▶ **WORK INSTRUCTIONS**
Return the records as they stand. No picture is to be included.

(Source records)
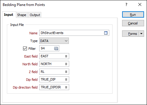 In the Bedding Plane From Points form, select the file type and double-click to select the file containing the points you want to use in the process. If required, define a filter to selectively control the records to be processed.
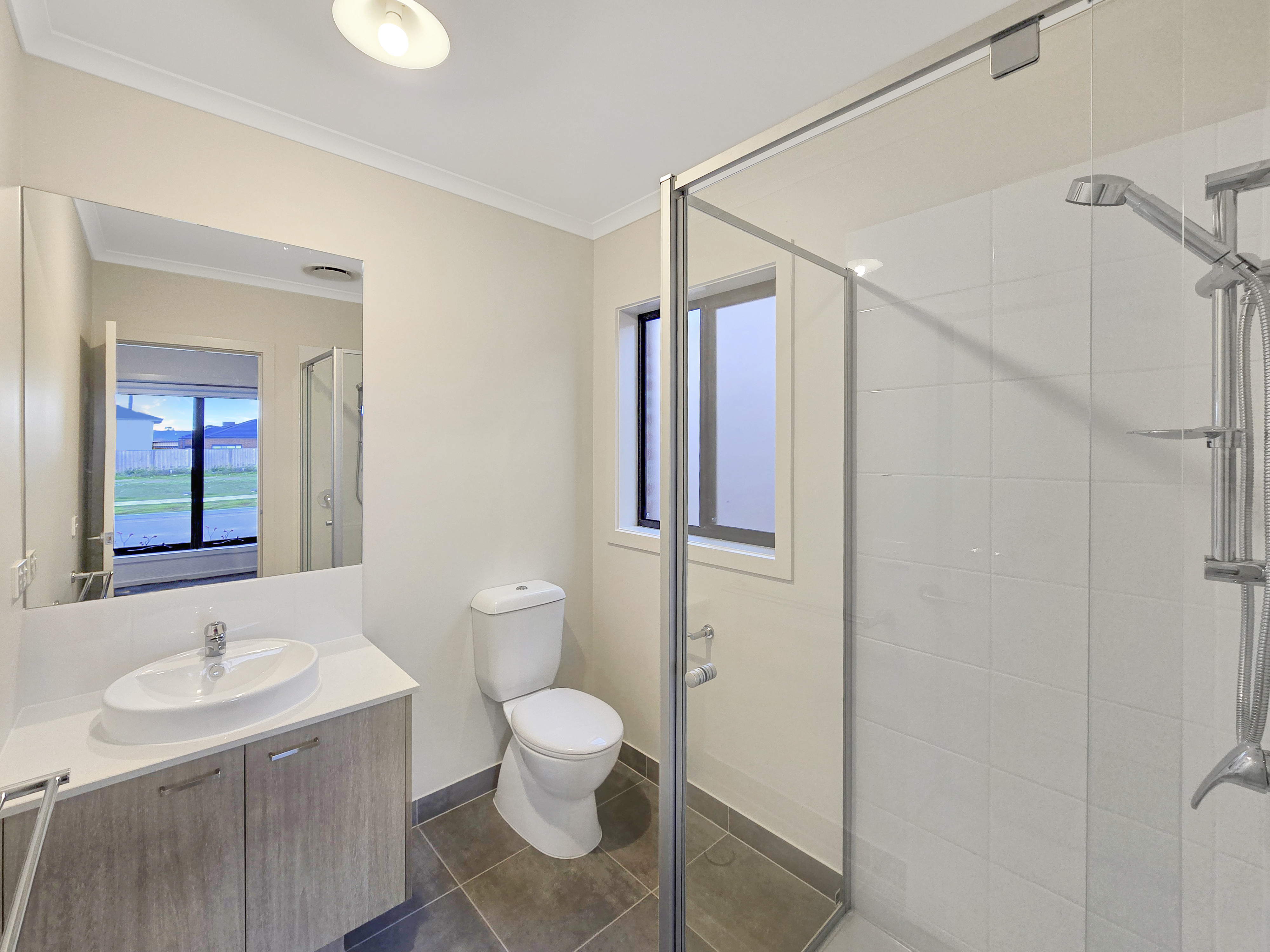 Master Suite: Generously sized and situated at the front of the home, it showcases a spacious walk-in robe and elegant ensuite. Complete with North-facing windows and blockout blinds and ducted heating, creating a comfortable space year-round. The gorgeous ensuite consists of a tiled shower with a handheld and wall-mounted showerhead, single basin on a 20mm stone vanity with a tiled/mirrored splashbacks, toilet and frosted sliding window.
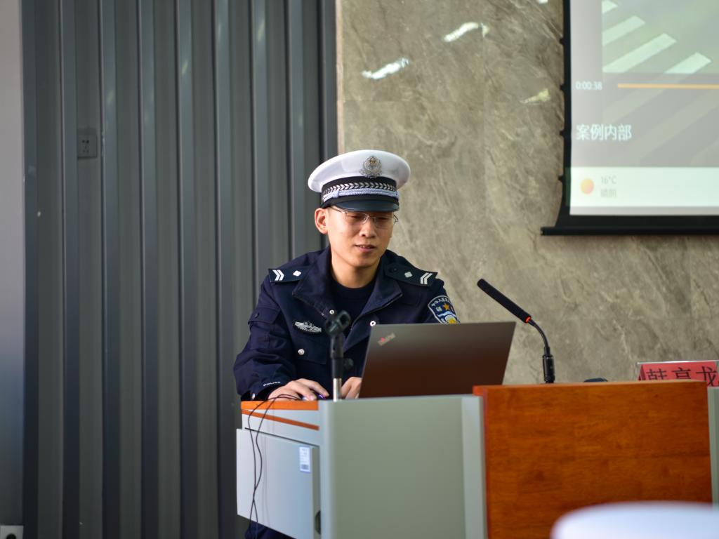两位警官借助生动的案例从正确佩戴头盔、系好安全带、遵守交通规则等方面进行教育宣传,通过各类真实发生的交通事故案例对道路交通安全规则进行了详细解读,视频案例展示了交通事故中存在的安全隐患,为与会人员敲响了安全警钟,强化了大家的交通安全意识。
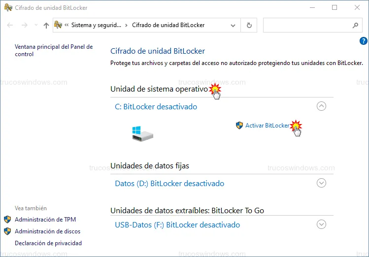 - En Administrar BitLocker, busca Unidades de datos fijas.
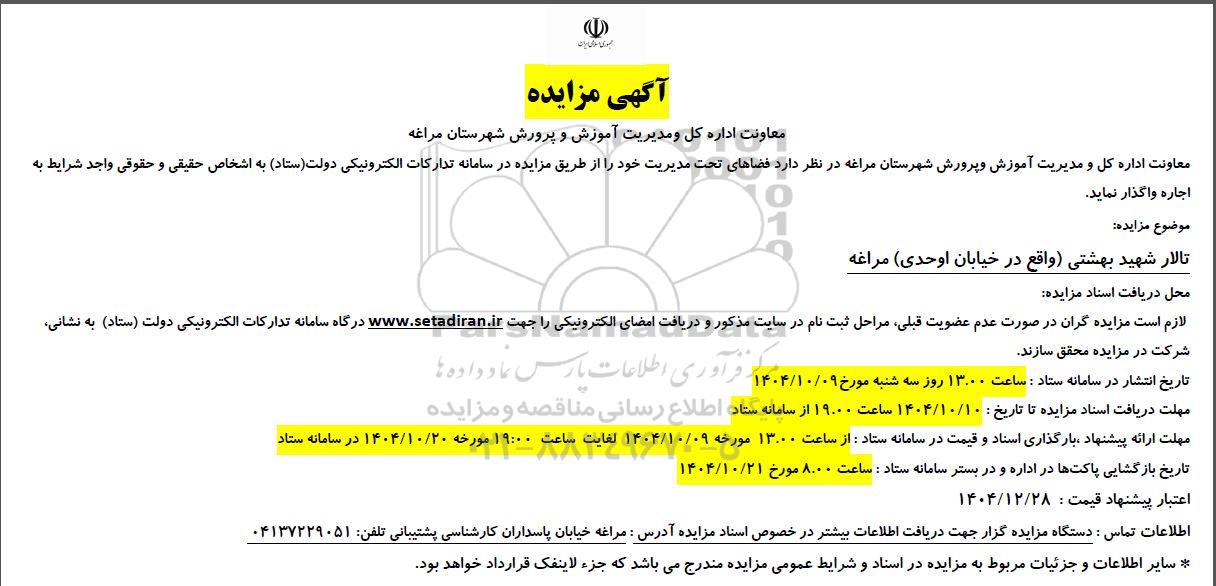 معاونت اداره کل و مدیریت آموزش و پرورش شهرستان مراغه در نظر دارد فضاهای تحت مدیریت خود را از طریق مزایده در سامانه تدارکات الکترونیکی دولت (ستاد) به اشخاص حقیقی و حقوقی واجد شرایط به اجاره واگذار نماید.
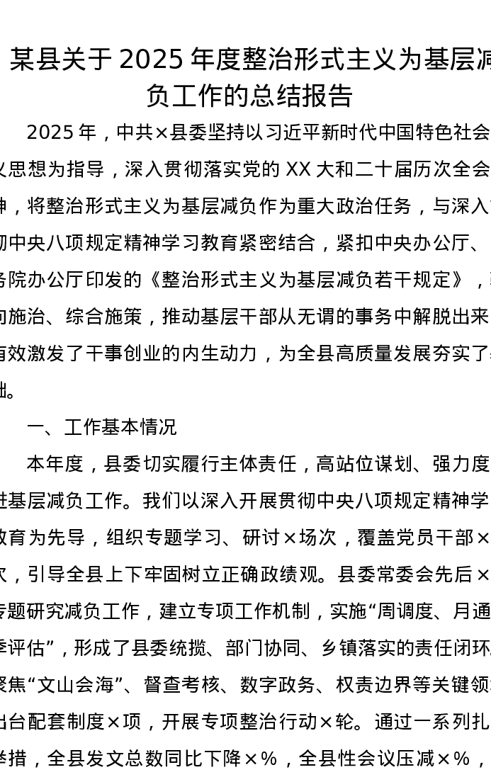 某县关于2025年度整治形式主义为基层减负工作的总结报告
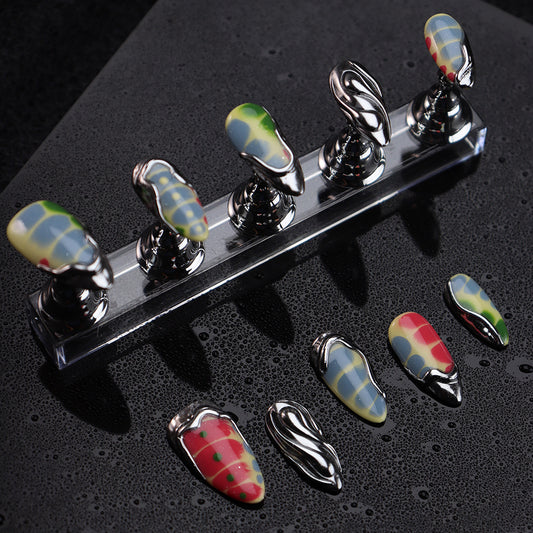 Color Metal Punk French Tip Handmade Almond Nails A750
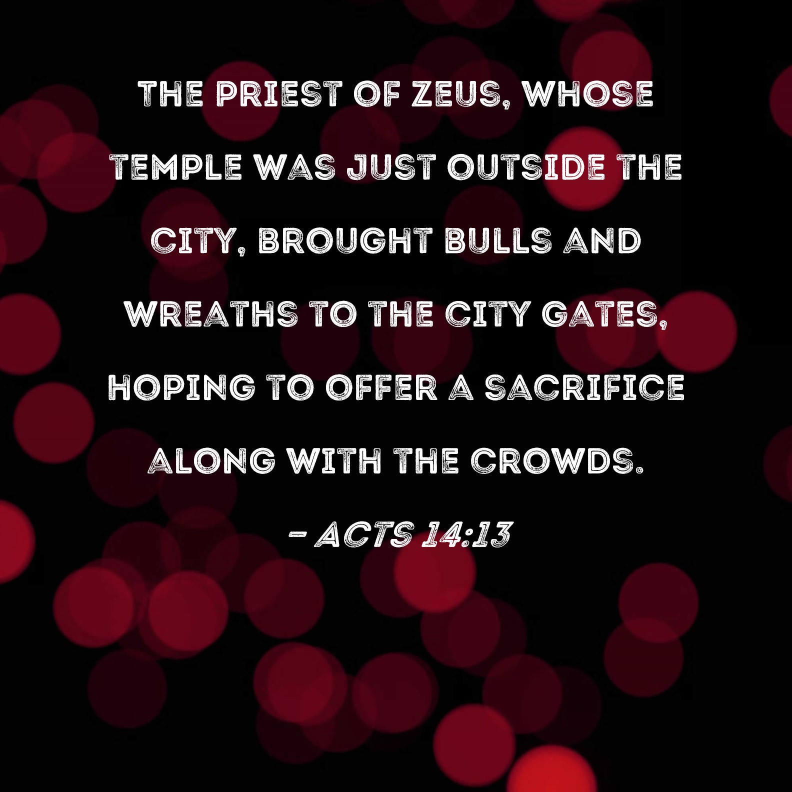 Acts 14:13 The priest of Zeus, whose temple was just outside the city, brought bulls and wreaths to the city gates, hoping to offer a sacrifice along with the crowds.

▶ **EXERCISE SOLUTION**
 In the Bedding Plane From Points form, select the file type and double-click to select the file containing the points you want to use in the process. If required, define a filter to selectively control the records to be processed.
 Master Suite: Generously sized and situated at the front of the home, it showcases a spacious walk-in robe and elegant ensuite. Complete with North-facing windows and blockout blinds and ducted heating, creating a comfortable space year-round. The gorgeous ensuite consists of a tiled shower with a handheld and wall-mounted showerhead, single basin on a 20mm stone vanity with a tiled/mirrored splashbacks, toilet and frosted sliding window.
两位警官借助生动的案例从正确佩戴头盔、系好安全带、遵守交通规则等方面进行教育宣传,通过各类真实发生的交通事故案例对道路交通安全规则进行了详细解读,视频案例展示了交通事故中存在的安全隐患,为与会人员敲响了安全警钟,强化了大家的交通安全意识。
 - En Administrar BitLocker, busca Unidades de datos fijas.
 معاونت اداره کل و مدیریت آموزش و پرورش شهرستان مراغه در نظر دارد فضاهای تحت مدیریت خود را از طریق مزایده در سامانه تدارکات الکترونیکی دولت (ستاد) به اشخاص حقیقی و حقوقی واجد شرایط به اجاره واگذار نماید.
 某县关于2025年度整治形式主义为基层减负工作的总结报告
 Color Metal Punk French Tip Handmade Almond Nails A750
 Acts 14:13 The priest of Zeus, whose temple was just outside the city, brought bulls and wreaths to the city gates, hoping to offer a sacrifice along with the crowds.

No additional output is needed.